◆ **What you have to do**
The copy must hold every line from the one with "Day two began" through the end of the listing, word for word, and must hold no pictures.

━━ Data block ━━

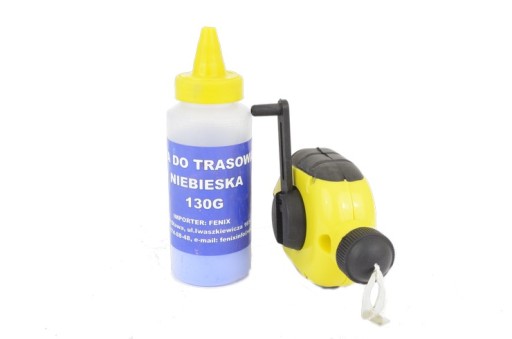 - Sznurek traserski w plastikowej obudowie wykorzystywany do wyznaczania prostych linii na ścianie lub innym podłożu,
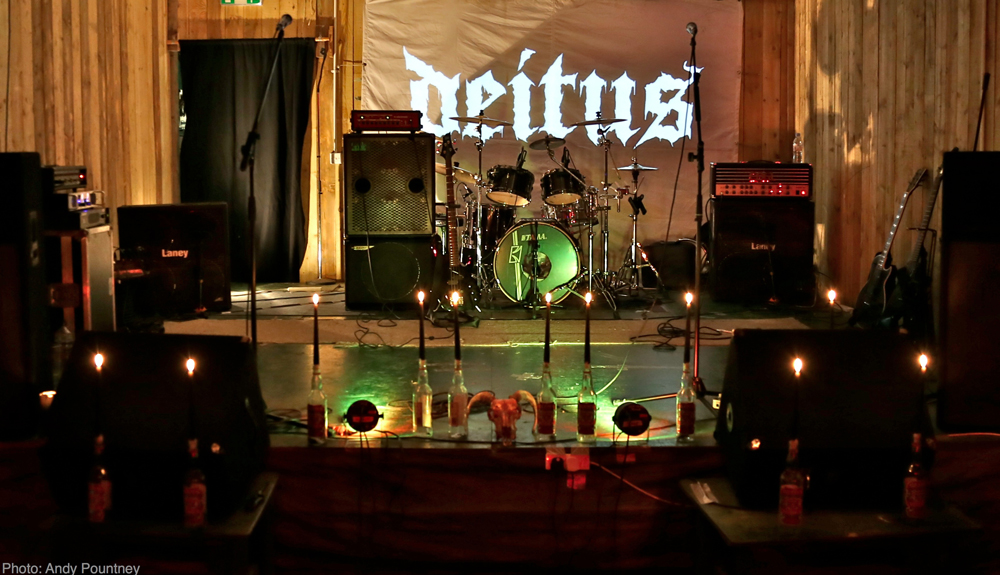 Day two began with masked London black metal trio Deitus who, took to a stage adorned with a skull and candles after a long intro tape, and drew the hordes in from the late summer sunshine with opening track ‘Lightbearer’. We were then treated to ‘Todestrieb’ and ‘Manifest’ also from the debut ‘Acta Non Verba’, as well as ‘Highest Power’, one of its bonus tracks. Their brand of aggressive black metal certainly cleared a few hangovers!
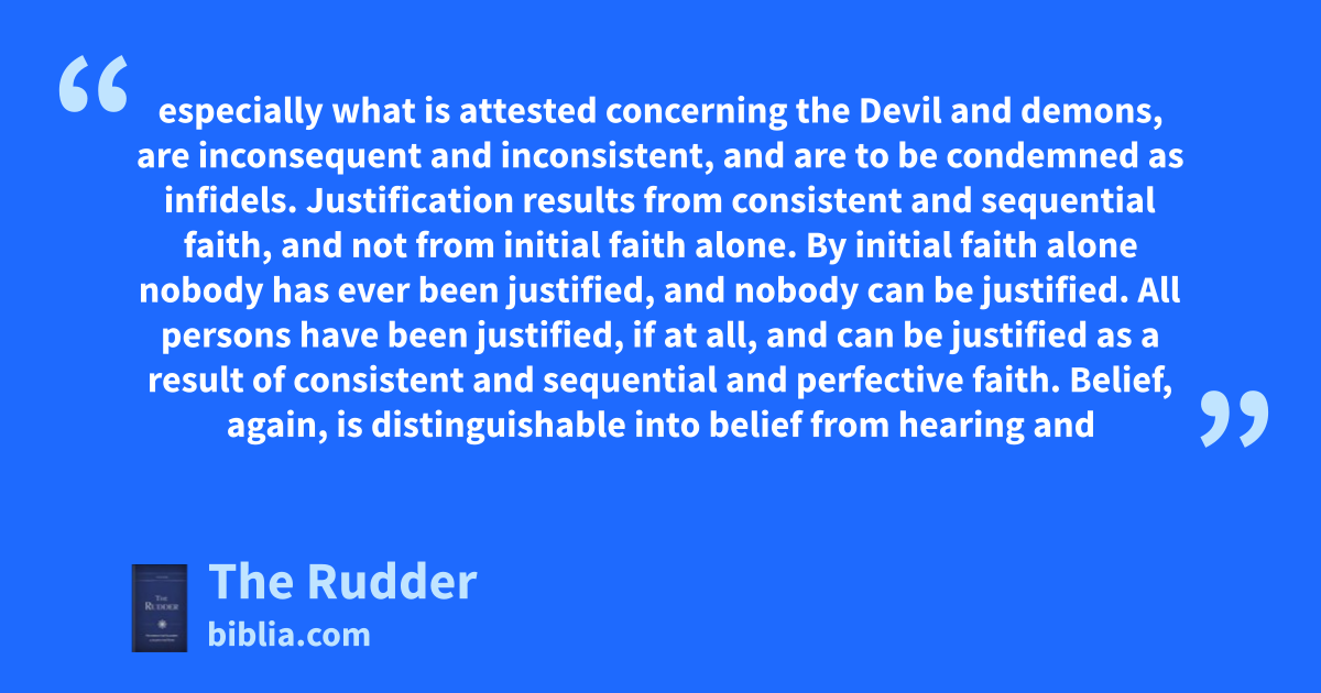 especially what is attested concerning the Devil and demons, are inconsequent and inconsistent, and are to be condemned as infidels. Justification results from consistent and sequential faith, and not from initial faith alone. By initial faith alone nobody has ever been justified, and nobody can be justified. All persons have been justified, if at all, and can be justified as a result of consistent and sequential and perfective faith. Belief, again, is distinguishable into belief from hearing and

━━━

◆ **Result**
 Day two began with masked London black metal trio Deitus who, took to a stage adorned with a skull and candles after a long intro tape, and drew the hordes in from the late summer sunshine with opening track ‘Lightbearer’. We were then treated to ‘Todestrieb’ and ‘Manifest’ also from the debut ‘Acta Non Verba’, as well as ‘Highest Power’, one of its bonus tracks. Their brand of aggressive black metal certainly cleared a few hangovers!
 especially what is attested concerning the Devil and demons, are inconsequent and inconsistent, and are to be condemned as infidels. Justification results from consistent and sequential faith, and not from initial faith alone. By initial faith alone nobody has ever been justified, and nobody can be justified. All persons have been justified, if at all, and can be justified as a result of consistent and sequential and perfective faith. Belief, again, is distinguishable into belief from hearing and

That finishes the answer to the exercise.